Who are the Elite?
We’re attacked. Not only us, but you, too. And other farmers and food consumers like you and I. Accused! Blamed to be elitists for producing and/or consuming real food. Due to adhering to—and acting upon— the belief that food is a you-get-what-you-pay-for object like many other consumables we purchase. Woe is us! What a better-than-thou principle we hold to!
But wait. What is elitism? My thesaurus defines it as; the belief that some people or things are inherently superior to others and deserve preeminence, preferential treatment, or higher rewards because of their superiority. Is that an indicting belief? I do admit—and know some of you will agree—to believing that certain foods (things, as stated in the definition) are “inherently superior to others”. Guilty on that count. However, I’m unwilling to accept myself as an elitist for preferring clean food that I know the source of. The way I see it, it’s not that we’re paying such an exorbitant price for food. But because of our desire to be familiar with our food and purchase it from a trustworthy source, we’re obligated to pay the true cost of it. What’s more, due to the many hidden costs of industrial farming and food production—including cleaning up after it—we also pick up part of the tab the rest of the population leaves on the table. It’s not unlike those of us who prefer schooling our kids alternatively—either in private schools or at home. We bear the cost of alternative education, plus pay our portion of the cost of public education when we pay our property taxes or rent. While I do not necessarily have a problem with that, neither do I see it as elitist.

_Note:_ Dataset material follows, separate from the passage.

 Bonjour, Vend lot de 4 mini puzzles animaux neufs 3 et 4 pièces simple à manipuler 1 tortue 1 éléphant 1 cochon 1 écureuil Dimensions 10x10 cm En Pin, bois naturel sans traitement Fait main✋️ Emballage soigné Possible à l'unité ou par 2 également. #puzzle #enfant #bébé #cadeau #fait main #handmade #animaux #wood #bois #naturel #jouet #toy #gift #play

One of the oft-heard pushbacks targeting our method of farming and food production is that organic or local foods are unattainable to mainstream America. It’s essentially an argument to support cheap food. If it were possible to accurately trace the cost of modern day processed foods, including the exorbitant cost of healthcare—the entity riding the other end of the food see-saw. In that light, I am certain we would find local direct-from-the-producer foods to be very affordable.

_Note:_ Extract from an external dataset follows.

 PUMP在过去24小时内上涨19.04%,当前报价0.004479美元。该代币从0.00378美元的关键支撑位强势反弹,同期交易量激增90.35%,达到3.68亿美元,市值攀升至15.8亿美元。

Is elitism reduced to the buying habits of a person who purchases items that are more expensive than others deem necessary? If so, an examination of what is considered expensive is in order. Is the retail sticker price the final denominator, or should other factors be taken into the picture? In the food equation, this should include factors of whether a society should rely so heavily on a food system largely made up of monocrops like corn and soybeans, considering these crops are financially subsidized—with your and my tax dollars—by the federal government, resulting in being the most widely propagated crops in the nation. Factors like ever increasing food-borne disease and antibiotic resistant pathogens that are a direct result of drug overuse in food animals, only to cross over to humans and threaten the effectiveness of medicinal antibiotics. Things like the 700-some riparian dead zones across the country, a result of poisonous agricultural runoff that over-stimulates algae growth and suffocates all other marine life. What of the ongoing costs incurred in the attempt to clean up rivers and bays in these watersheds that are have become the toilets of food production. How about we factor in food and agriculture as the entity taking one-fifth of our national oil consumption and plays a huge part in foreign policy and relations with oil-rich nations in the Mid-East, an interest defended by our national military.

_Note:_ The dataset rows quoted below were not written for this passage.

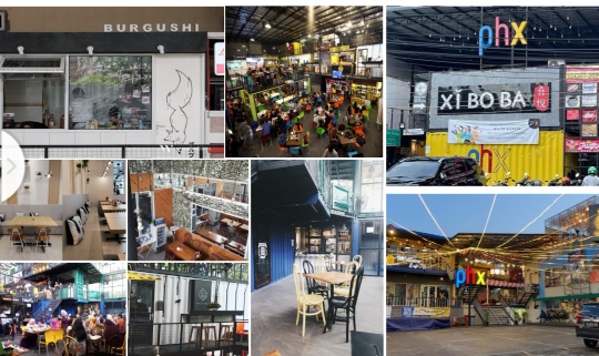 Seperti misalnya di PHX Grogol, material bangunan didominasi oleh dinding kontainer warna warni cerah. Dengan kapasitas maksimalnya hingga 200 orang (saat ini masih dibatasi oleh prokes), di lokasi ini pelanggan bisa memilih kuliner kesukaan yang ditawarkan oleh sekitar 35 brand ternama. Belum lagi ada fasilitas ruang khusus ber-AC serta hiburan live music pada setiap hari Jumat dan Sabtu (malam dari pukul 19.00 hingga 22.00 WIB). Menariknya, pengelola juga menyediakan meja biliar untuk pengunjung yang hobi pada olahraga tersebut.
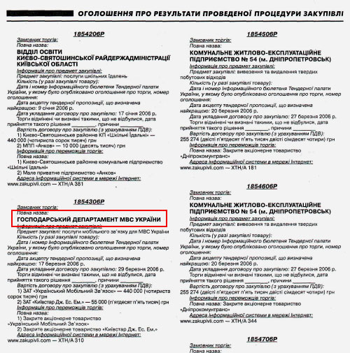 Друге. Зазвичай закупівля мобільного зв’язку для міліції відбувалася через Господарський департамент МВС, який був підпорядкований заступниці міністра Лідії Поречкіній. Про це свідчать тендери, які раніше відбувалися в Міністерстві.
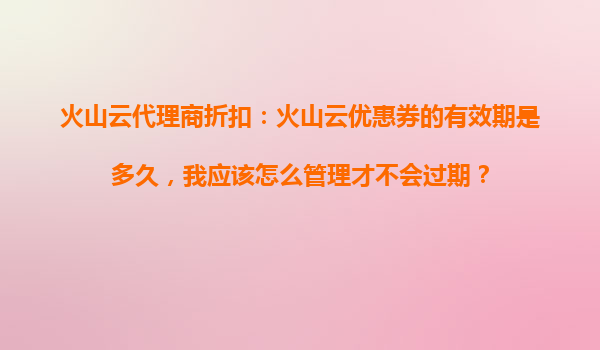 2025-10-21火山云代理商折扣:火山云優(yōu)惠券的有效期是多久,我應該怎么管理才不會過期? 一、火山云優(yōu)惠券的有效期解析 火山云優(yōu)惠券是代理商及用戶享受折扣的重要工具,其有效期通常由火山云官方或代理商根據(jù)活動規(guī)...

What it elitism? Is it best portrayed by those of us who make conscious decisions in favor of nutrition versus the mere retail sticker price of food? Or is it better represented on the other side? A number of monikers fit, but I prefer calling it Big Food. This encompasses not only status quo food production—which is to say the decrease of farm numbers for increasingly few mega-farms. This may sound positive depending on how we view it, but the trend toward larger corporate farms is giving us more chemicalization and poorer land stewardship. It gave us volumes of food regulations (in the name of food safety, mind you), most of it skewed toward the alternative artisan foods many people desire (the competition). It brought us the demise of many small-scale community based meat processors, allowing consolidation (monopoly?) which results in the majority of America’s meat being in the hands of four corporations who have the capacity for thousands of animals per day, hurting both the consumer and the producer. Big Food and its fraternity with the bio-tech community and genetically modified organisms (GMO’s) presents us with rampant digestive disorders such Crohn’s disease, Celiac’s disease, leaky gut, and irritable bowel syndrome, as well as mental conditions like bipolar, dementia, Alzheimers, etc.. Of course, no one can pin it on them, but we can’t deny that these were not familiar words in our vocabulary 30 years ago.
With that, let’s pose the question again; Who are the elite? And that’s the View from the Country.